%%

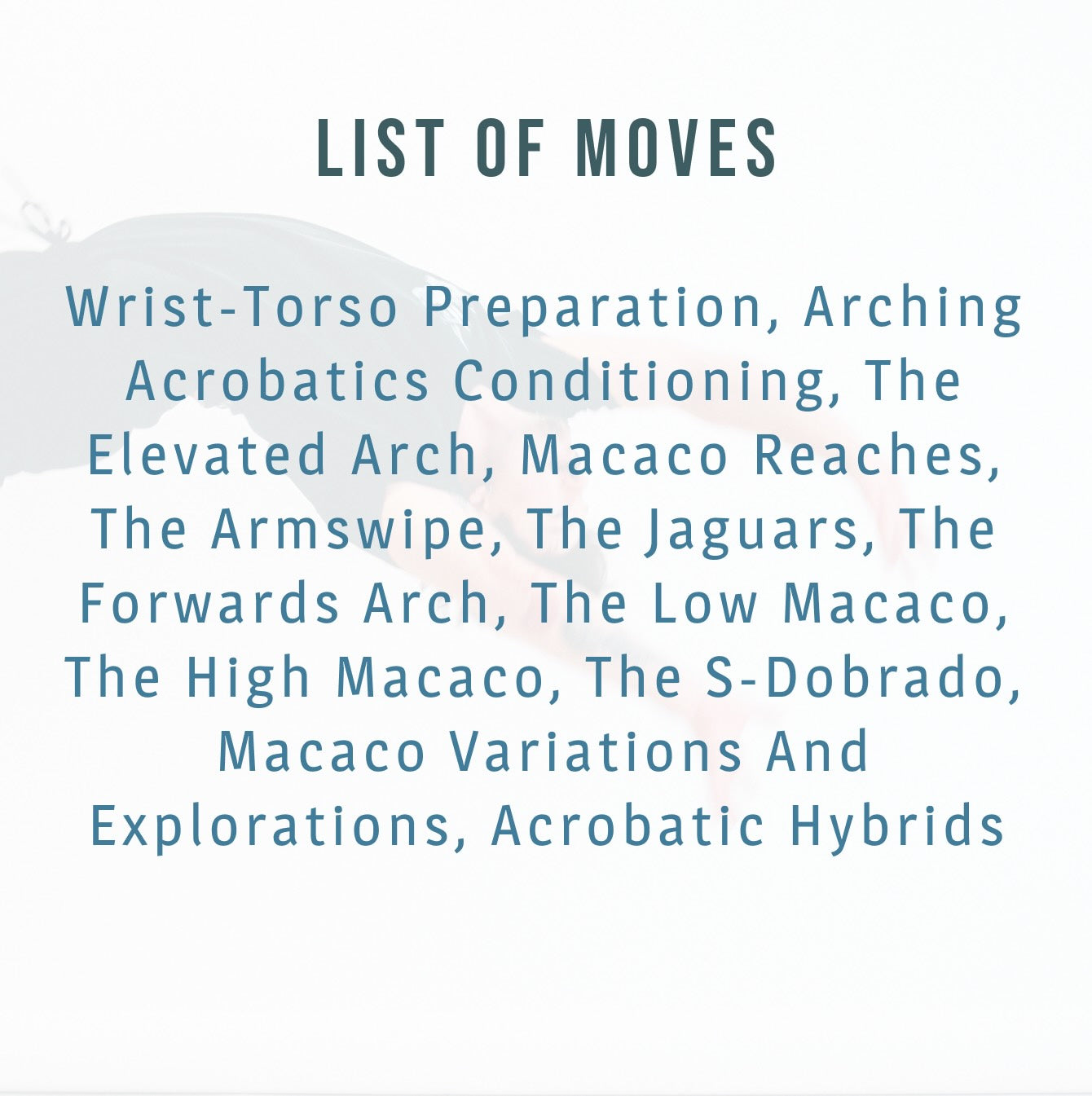 Wrist-Torso preparation, arching acrobatics conditioning, the elevated arch, macaco reaches, the armswipe, the jaguars, the forwards arch, the low macaco, the high macaco, the s-dobrado, macaco variations and explorations, acrobatic hybrids
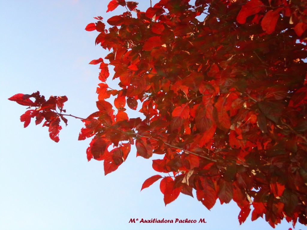 ¿Te encantan los juegos de transparencias tan hermosos que consiguen los fotógrafos profesionales en el follaje y te gustaría hacerlos? Yo no soy fotógrafa profesional, y he podido hacer algunos bastante hermosos, con una cámara no profesional. No es tan difícil, el truco es elegir bien el árbol o planta a fotografiar, la hora a la que reciban la mejor luz, y la toma más adecuada. Como es lógico, si se va a fotografiar una planta de poco porte y no hay ningunas alrededor que tapen la luz del Sol, lo mejor es hacer la foto cuando los rayos de luz están más horizontales, las primeras horas de la mañana o las últimas de la tarde. Si se quiere hacer a otra hora, habrá que buscar la posición en las hojas se transparenten sin que moleste una luz excesiva. Para practicar hasta dominar bien esta técnica, sin embargo, yo recomiendo empezar por los árboles. Alza tu rostro y mira como cambian las hojas bajo la luz. Los pintores siempre han sabido que la luz lo cambia todo, el color, el ambiente, etcétera. Ahora nos toca plasmar estos efectos a los aficionados a la fotografía. Me confieso una enamorada de los ciruelos purpúreos para este tipo de fotos. Míralos primero desde enfrente en un momento en el que no reciban luz del sol directa si es posible. Verás un árbol de color granate oscuro, que hasta puede que te preguntes por qué han puesto ahí un árbol tan poco atractivo. Tienen su momento de esplendor, pero eso será tema para una nueva entrada. Ve luego cuando estén recibiendo los rayos del sol y mira hacia arriba. Puede que te quedes con la boca abierta. Verás un follaje rojo intenso en diferentes tonalidades según la cantidad de luz que reciba, formando algo muy parecido a una vidriera. Es el mismo ciruelo, la magia está en la luz. Con las hojas de la mayoría de los árboles ocurre lo mismo. Los rayos del Sol forman transparencias, inigualables durante el otoño, formando vidrieras otoñales. Te animo a que empieces a fotografiar las transparencias del follaje, con pocas tomas conseguirás fotos geniales. Si crees que necesitan algún retoque, puedes leer las entradas anteriores.
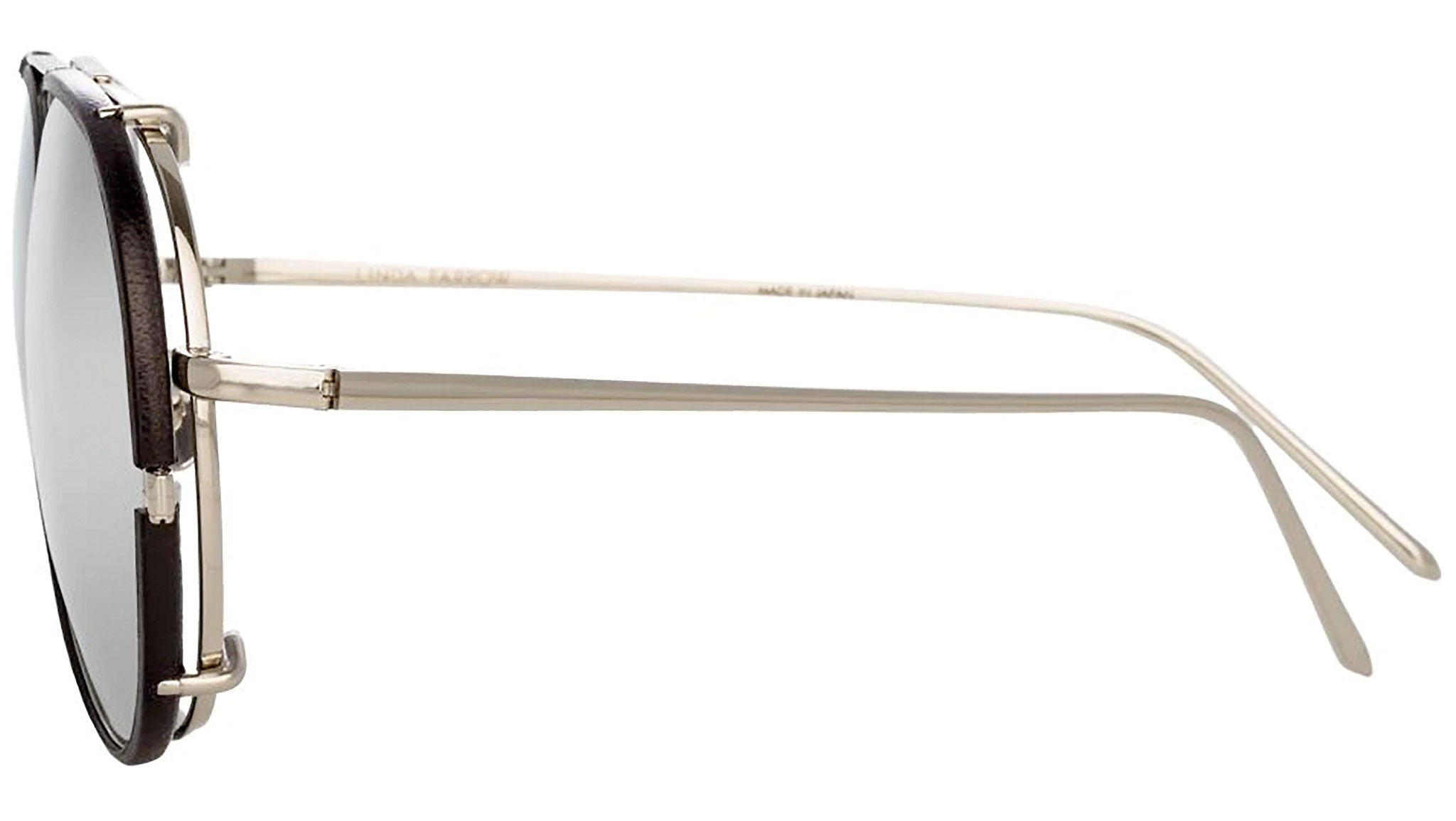 This innovative mens Linda Farrow aviator design can be worn both as a sunglass and an optical glass to suit your style. Crafted from white gold-plated titanium, the sunglass features coordinating precious platinum lenses contoured by a black leather rim, which can be effortlessly clipped onto and off the frame.
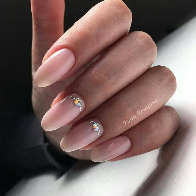 Всі тони прекрасно виглядають як у глянцевому, так і в матовому виконанні. Чудовим доповненням до такого ніжного манікюру стануть стандартні елементи декору у вигляді страз та втірки. Також бездоганно виглядає художній розпис. При нюдовому відтінку весь акцент йде на яскраві елементи манікюру.
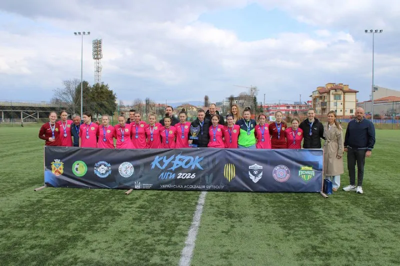 Ужгородський стадіон «Авангард» став головною ареною для проведення вирішальних поєдинків у межах престижного турніру «Кубок ліги 2026». Спортивна подія зібрала найкращі жіночі футбольні колективи, які продемонстрували високу майстерність та жагу до перемоги. Після завершення напружених матчів на полі відбулася офіційна частина заходу — урочисте вшанування лауреаток змагань.
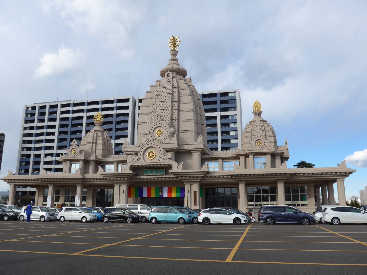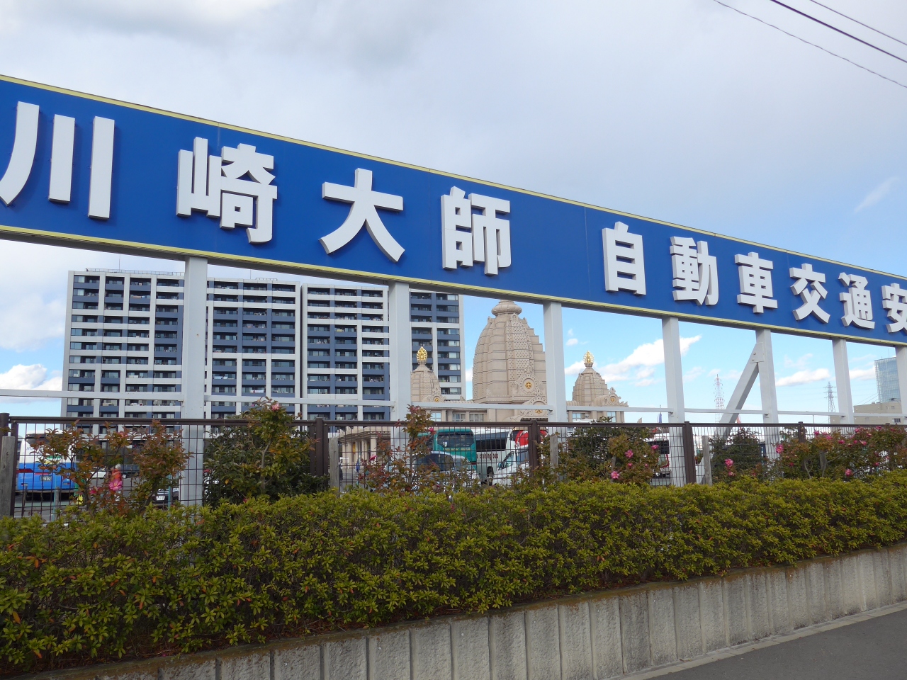気になって歩いていたら川崎大師の近くの駐車場となっている敷地内に大きな看板で「川崎大師自動車安全祈祷殿」と書かれていてこの建物のが何であるかを知りました。

%%

(ASSIGNMENT) Repeat the line that contains "Всі тони прекрасно" and each line after it, through the last line of the listing, exactly and alone; pictures stay out of the repeat.

(WRITTEN RESPONSE)
 Всі тони прекрасно виглядають як у глянцевому, так і в матовому виконанні. Чудовим доповненням до такого ніжного манікюру стануть стандартні елементи декору у вигляді страз та втірки. Також бездоганно виглядає художній розпис. При нюдовому відтінку весь акцент йде на яскраві елементи манікюру.
 Ужгородський стадіон «Авангард» став головною ареною для проведення вирішальних поєдинків у межах престижного турніру «Кубок ліги 2026». Спортивна подія зібрала найкращі жіночі футбольні колективи, які продемонстрували високу майстерність та жагу до перемоги. Після завершення напружених матчів на полі відбулася офіційна частина заходу — урочисте вшанування лауреаток змагань.
気になって歩いていたら川崎大師の近くの駐車場となっている敷地内に大きな看板で「川崎大師自動車安全祈祷殿」と書かれていてこの建物のが何であるかを知りました。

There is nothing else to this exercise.